With acting you have to let yourself go. I think actors still hold something back though and aren't 100% of what they could be.
Eminem got awarded for best male role and said: "I can't believe I beat Mariah for 'Glitter'".
While I can't believe it either it still puzzles me.
Of course it runs NetBSD. BTC: 1NT7QvbetmANwaMzhpVL6
First the Aimee Deep Story and now this MTV story...if this turns into a Teeny Bopper website, I am so out of here...
they should just have cast Christopher Walken as gollum.
. . .then the emereror has already won.
You are not the customer.
I don't see how recognition by a network known for not knowing the difference between art and a hole in the wall is in any way complimentary...
The LOTR makers' work on Gollum was not snubbed by the academy. They did not make Serkis eligible for an Oscar, but they gave the Oscar for visual effects to the WETA team, and (IIRC) showed a Gollum clip as they were walking to the stage.
I don't know about you guys, but I still don't think CGI is ready for the big time. In every movie it looks so obvious that there was CGI used that it almost ruins the movie for me.
Even movies from the 80's that used blue screens for everything looked more realistic than today's CGI aided movies, CGI just isn't advanced enough yet to be convincing. You also can't reproduce the human touch of make-up and hand produced costumes you get with using real actors.
GoatPigSheep, the 3 most important food groups
My presssssshious ssssslashdot thwarted my tv watching ssssssschedule, they did.
(ok, was that a good merging of the two?)
I'm not a prophet or a stone-age man,
I'm just a mortal with potential of a super man.
i wonder how protective gollum would be of his new precious.
bananas like monkeys.
The guy who played gollum, yes there actually was a guy in a suit and his name was Andy Serkis, deserves all kinds of credit. He did a marvelous job bringing the character to life. If you look Neo for example, he was basically cg the whole movie anyways. They had other fighters/actors in suits with the little balls at every joint and they pasted his face on the body.
SCI-FI movies esp need more cg characters to bring the world to life. Why is every species in star trek is just like a human. Wouldn't it be neater to see a different variety?
Any one seen simone lately?
----
Go canucks, habs, and sens!
He didn't expect it? Boy, that rendering farm and the voice actors sure must work in a hurry to produce a rendered imagine complete with voice acting in such a hurry! You'd almost think this is a huge show, a spectacle aimed at enriching those with the largest marketing/SFX budget! Almost like the gollum thing further on in the article:
Come on people, we're talking about the MTV awards here, brought to us by MTV; the epitomy of modern pop and hype culture. We're talking about something hosted by a TV station aimed at 14 year old girls who faint at the sight of $current_hip_boyband and wish to be like $cheap_spicegirls_knock_off while flooding the rest of the market with artists like $random_teen_chick and $overhyped_guy_who_looks_gay ...
Hate me!
Gollum was a great character. Yeah, the camera work back and forth may have been a little too much, but I think that's a great way for Gollum to be depicted. His split personality was shown greatly and that is the one thing I am actually looking forward to in the third movie since they already messed with the storyline so much!

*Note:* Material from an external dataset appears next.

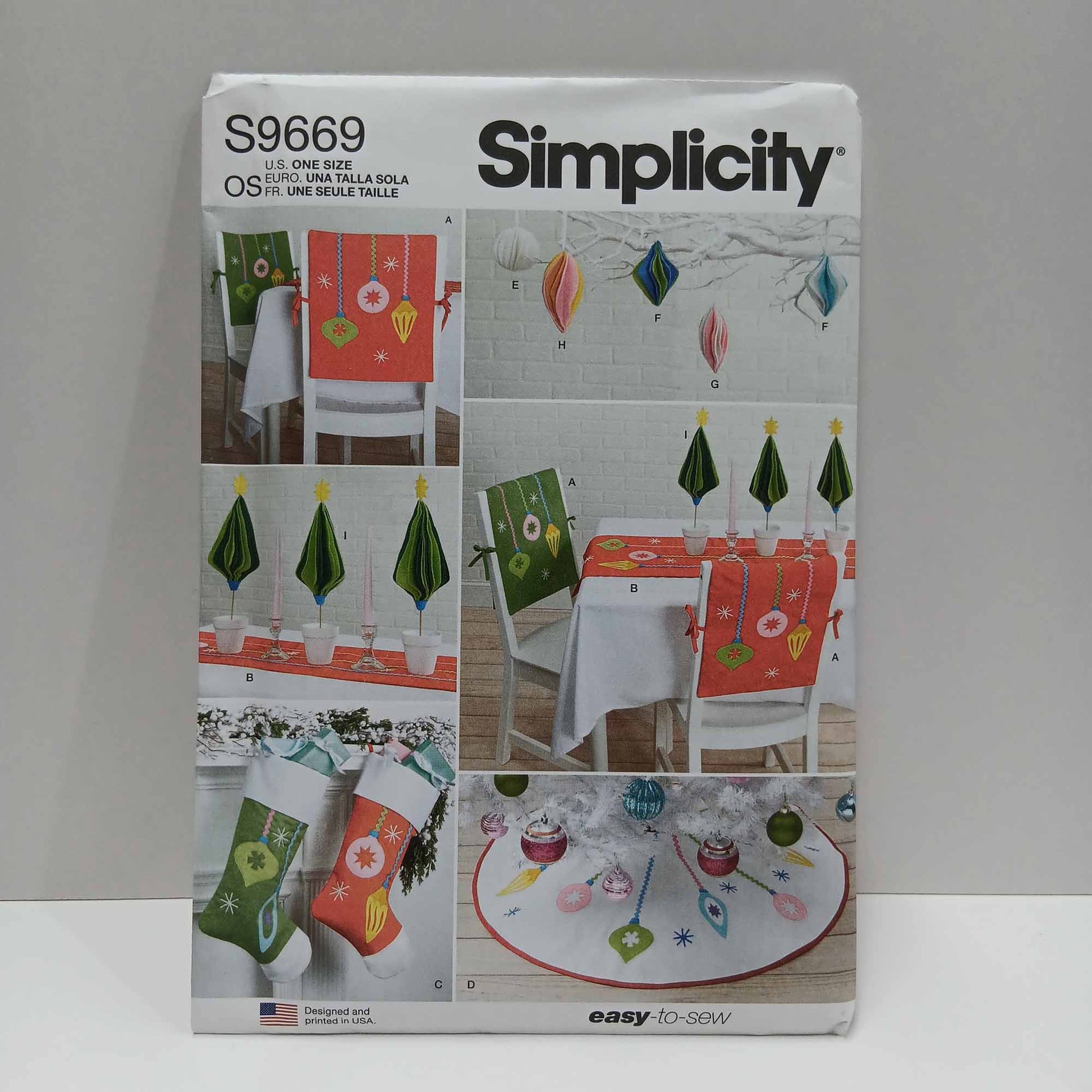 Holiday decorations in a more contemporary style - chair scarf, runner, stocking, tree skirt, ornaments and tree decoration

Ah but he does very much exist... Andy Serkis is a graduate of my very own Lancaster University and did a very marvelous job of portraying gollum.
The animators used actual footage of Serkis acting out the role in a silly skintight body stocking, and the voice is all him. I am particularly impressed by gollum's dialogue with himself
Is anyone sick of hearing of Lord of the Rings... Does anyone care that CGI is taking over film, and that nobody is putting effort into special effects anymore? Why I remember back in the day, when it used to be really cool to see stuff, even if it looked a little fake, that was done. Now it's like, "That's too much effort, lets toss some CGI in there for this scene." Same with the Matrix Reloaded, the fight scene with Neo and the Agent Smiths. Obviously they thought that the first movie was cool with the spinny effects (which it was) so they'd better put more spinny effects in there. Only we want to do it really cool without spending a lot of money, so lets just replace the entire scene, actors, backgrounds, etc with computer animation and solve the ingeneuity problem. Yes ingeneuity, figuring out how to make a scene come to life with real people. Something that movies these days are starting to seriously lack.
*runs*
Some people have said that having Serkis as the actor on scene, the face actor, the expression actor and the voice actor is just a gimmic.
This is complete rubbish. The reason that Gollum seems as real as he does is because of the connection between voice and motion that you get with every human. It is for this reason that it is always easy to tell when a voice for animation was cast before or after the animation itself was complete.
If I walked around with somebody else's voice all day, I would seem strange. Hats off to Serkis and the LotR crew for knowing this. Now we can begin to cast by acting talent, not physical attractiveness.
-twb
While there will always be acting jobs in theatre, TV and non-Hollywood productions, is it any suprise that no acting Oscars went to a film that demonstrates actors worst nightmare - i.e. that the demand for them is about to drop?
Well take this!
Vader is Lukes father
Soilent Green is people
XXX Sucks
And the third LOTR and the third Matrix are actually the same movie!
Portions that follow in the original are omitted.